Today, Friday, when I decided it was time to leave, the kids went off to their Bible retreat. They were to be dropped off at the house by nine tonight. Before James came home from his early shift at the factory, I went into the master bedroom where Melissa was in the master bathroom taking a shower. When she got out of the shower I surprised her and strangled her with one of the bath towels. She struggled some (for one, she didn’t see who I was cause I surprised her by covering her face with the towel), and I had to hit her in the solar plexus to gain control over her. But I finally strangled her and she twitched some, then shit all over the place (that’s about the only ugly thing about strangling people, they lose control of them bowels). I lowered her into the tub, then went into the bedroom where I knew James kept his gun collection. He had shown it off to me the night before, and he was especially proud of the silencer-equipped 9 mm Python with the twelve round magazine.
I took the Python and turned out the lights in the living room and waited for James to get home.
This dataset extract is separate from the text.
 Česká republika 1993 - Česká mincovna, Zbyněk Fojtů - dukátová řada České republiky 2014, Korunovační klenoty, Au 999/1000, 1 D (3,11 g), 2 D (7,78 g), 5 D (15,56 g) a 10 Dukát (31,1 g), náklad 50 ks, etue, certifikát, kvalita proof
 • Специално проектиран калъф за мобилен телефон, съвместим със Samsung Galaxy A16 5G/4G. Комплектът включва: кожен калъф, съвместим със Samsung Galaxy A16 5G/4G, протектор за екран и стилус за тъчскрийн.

He entered through the garage door. I placed him in my sights and took him down with one shot, the bullet entering his throat at the Adam’s apple (in Alabama I grew up around guns and could empty six rounds from fifty yards into Dr. Pepper can and leave a hole in it the size of a dime). He fell back into the garage and bled like a stuck pig. And that was all it took. Now the Van Buren’s are home where they belong.
TUES
DAY, AUGUST 25.
They’re after me in Salt Lake City now.
They’re looking for the man that fits the description of the person that killed Brenda Thomason in California, and Bill Wolf in Las Vegas (that was his name, but I didn’t put it down before because I forgot) but they won’t find him here in Yuma, Colorado, which is where I am holed up in a Motel 6 off the Interstate. The man sitting in this room writing this down is not only in the beginning stages of growing a beard, he is completely bald-headed.
He also has his left ear pierced.
I’ve had both my ears pierced for two years now, but only wear earrings when the mood strikes to change my appearance. Only this time, I hadn’t worn them in six months and the holes had filled in. I had to pierce my left ear myself with a pin that I sterilized with a match and my own earring, which I bought at the bus depot jewelry counter. It hurt some, but I cleaned it up with rubbing alcohol I bought at a drugstore, and it should be fine soon.
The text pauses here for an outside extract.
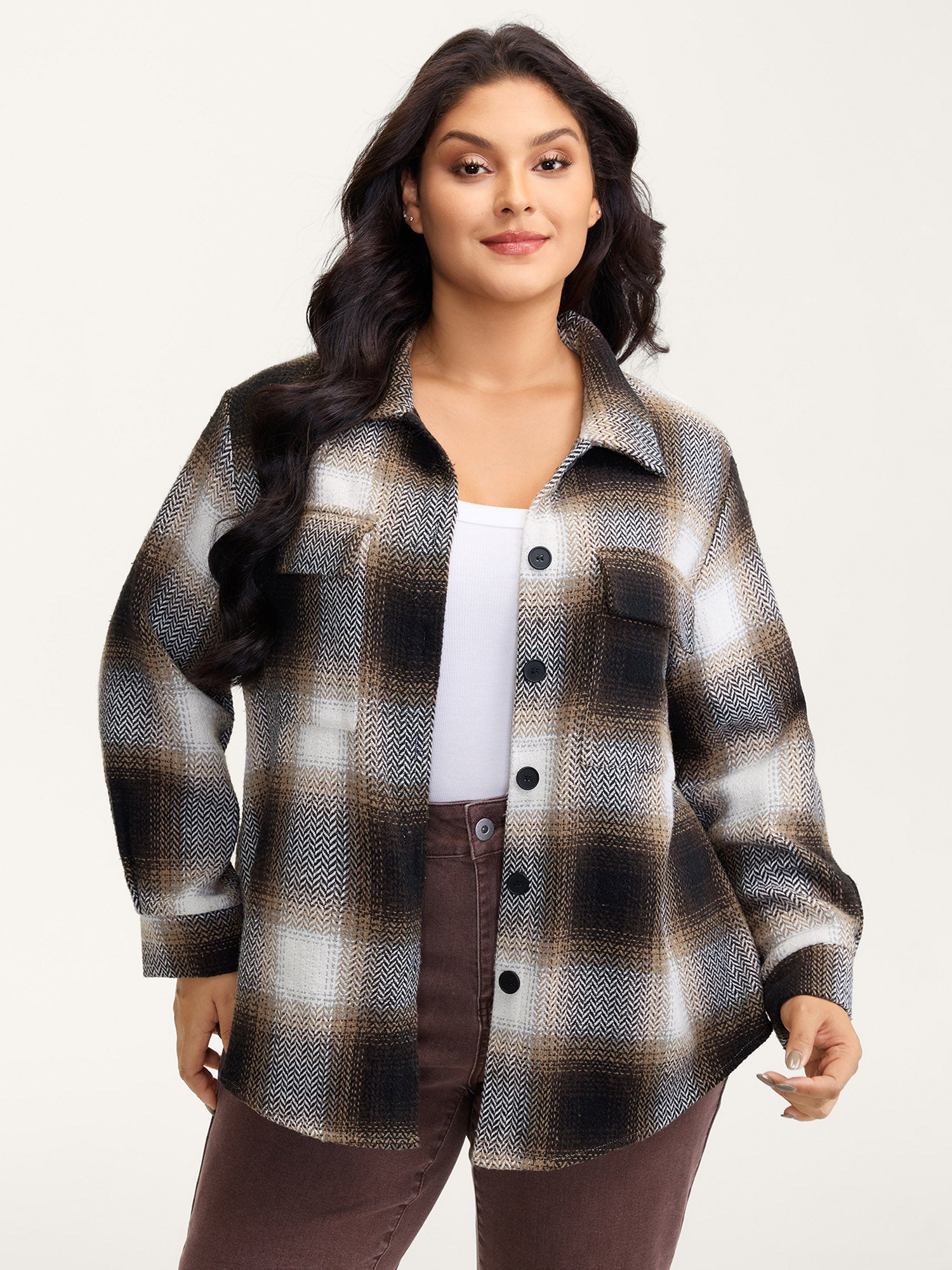 Plaid Pattern Fuzzy Collar Zipper Jacket

After I left the Van Buren’s house I caught a cab to the Greyhound terminal and bought a bus ticket for as far as I could go as quickly as possible. There was a bus leaving in fifteen minutes bound for Chapel Hill, North Carolina. I bought it and was heading away from Salt Lake City thirty minutes later with a new set of clothes on me, and fresh ones in a nice overnight bag I found at the Van Burens. I also had some more cash, along with some toiletries I picked up at the bus depot.